The event, hosted by the Greater Los Angeles Area office of the Council on American-Islamic Relations (CAIR-LA) and Project Islamic H.O.P.E., included recognition from the L.A. City Council, a tour of City Hall and an educational Muslim youth organizing workshop.
City Council President Herb Wesson personally welcomed the contingent of Angelino Muslim youth during the City Council meeting.
“Welcome to City Hall,” Wesson said as he asked for applause from the audience. “We’re so pleased to have you.”
In a statement, CAIR-LA Executive Director Hussam Ayloush said:
“Today was so important for the young people who attended because they got a chance to see how local decisions are made. Many of them will become voters in a few years, so they needed to understand how decisions impacting the homeless or business regulations in their city are made, as well as how their engagement and advocacy can affect the decision makers.”

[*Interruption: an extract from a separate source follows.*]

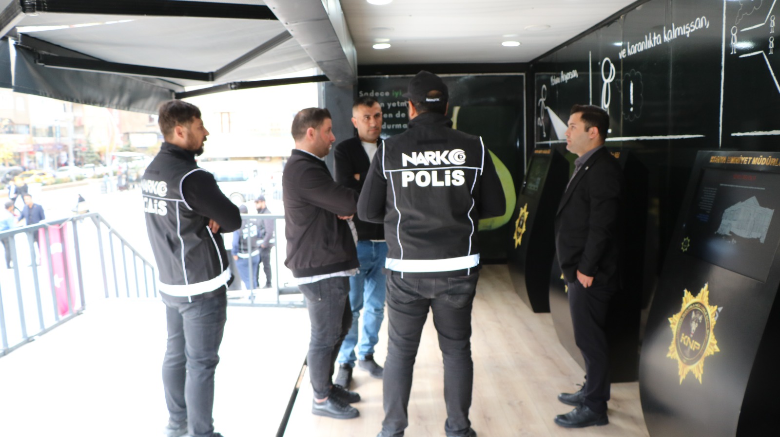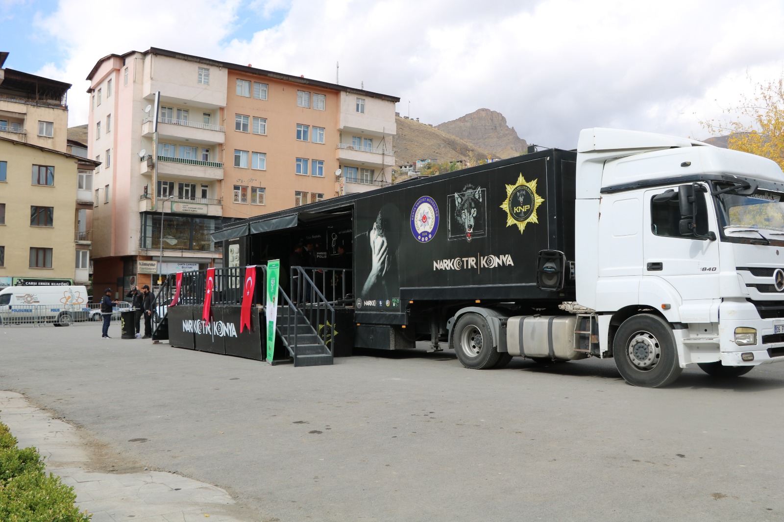 HAKKARİ- Bu kapsamda Konya’dan gelen 'Narko Tır', Bulak Mahallesi Bulvar Caddesi’nde, eski belediye hizmet binası önünde bilgilendirme standı kurdu.
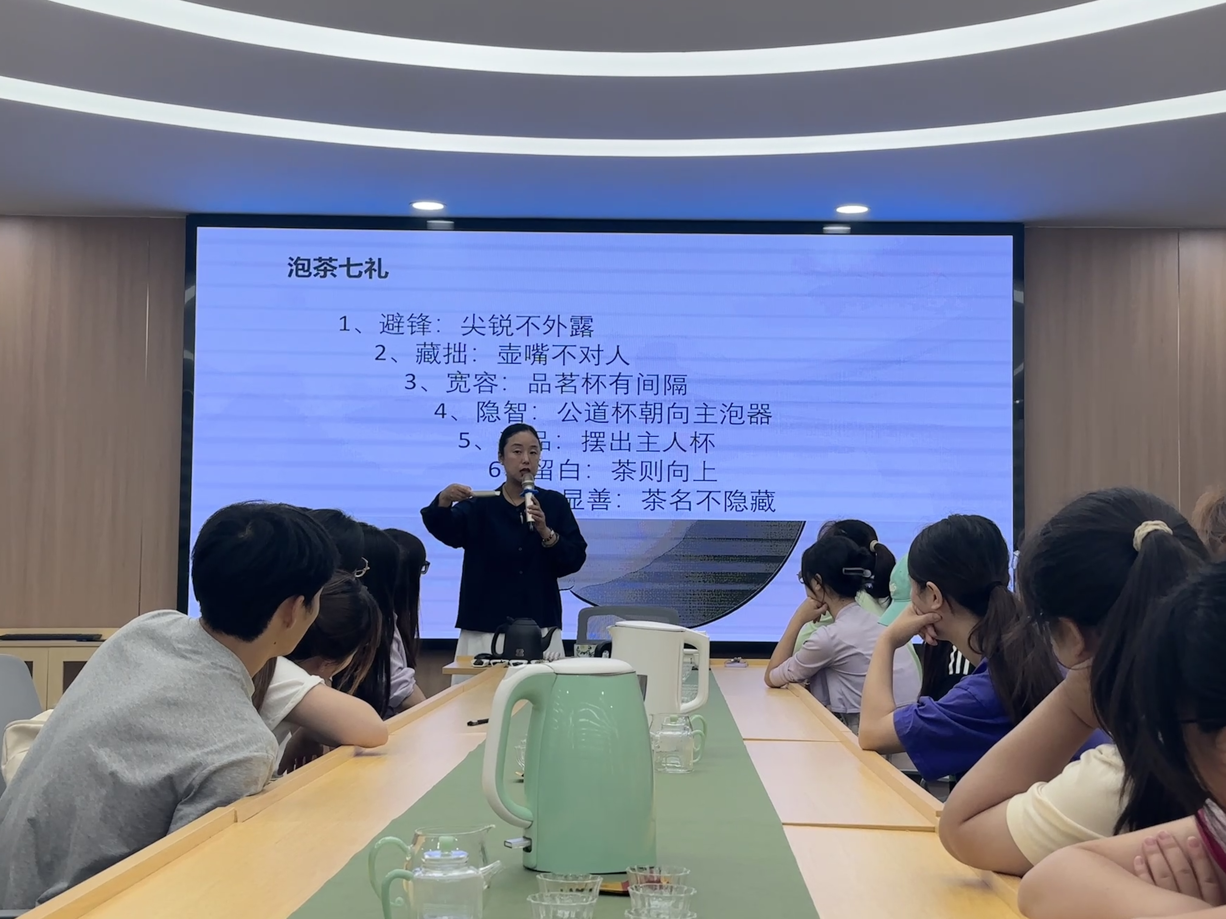 活动中,何珊从茶文化“和、敬、清、寂”的核心精神切入,系统讲解茶叶历史溯源、品类辨识等知识,特别阐释了茶文化与廉政文化的深层关联。从陆羽《茶经》倡导“精行俭德”的茶人修养,到宋代“茶宴论道”中“以茶示廉”的文人传统,再到当代“茶廉同源”的价值共识——茶性本清。同学们通过温杯洁具、分茶奉茶等流程体验,直观感受传统礼仪所蕴含的“清廉自守、光明磊落”品格。

In a statement, Project Islamic H.O.P.E. CEO Najee Ali said:
“It was a historic day. Many of the young people who attended today’s event had never been inside City Hall or had seen a City Council meeting. This was important for our youth to see how their local government works and what role they can play. We look forward to future events like this.”
SEE: Photos from First Annual Muslim Youth Day at L.A. City Hall
Muslim Youth Day at L.A. City Hall was part of the closing ceremonies for Muslim American Heritage Month in the city of Los Angeles. On June 28, Los Angeles City Council adopted a resolution, introduced by Los Angeles Council member Mitch O’Farrell, recognizing the contributions and activism of the estimated 500,000 Muslim Angelinos in the areas of culture, social services, education, politics, business, technology and the arts.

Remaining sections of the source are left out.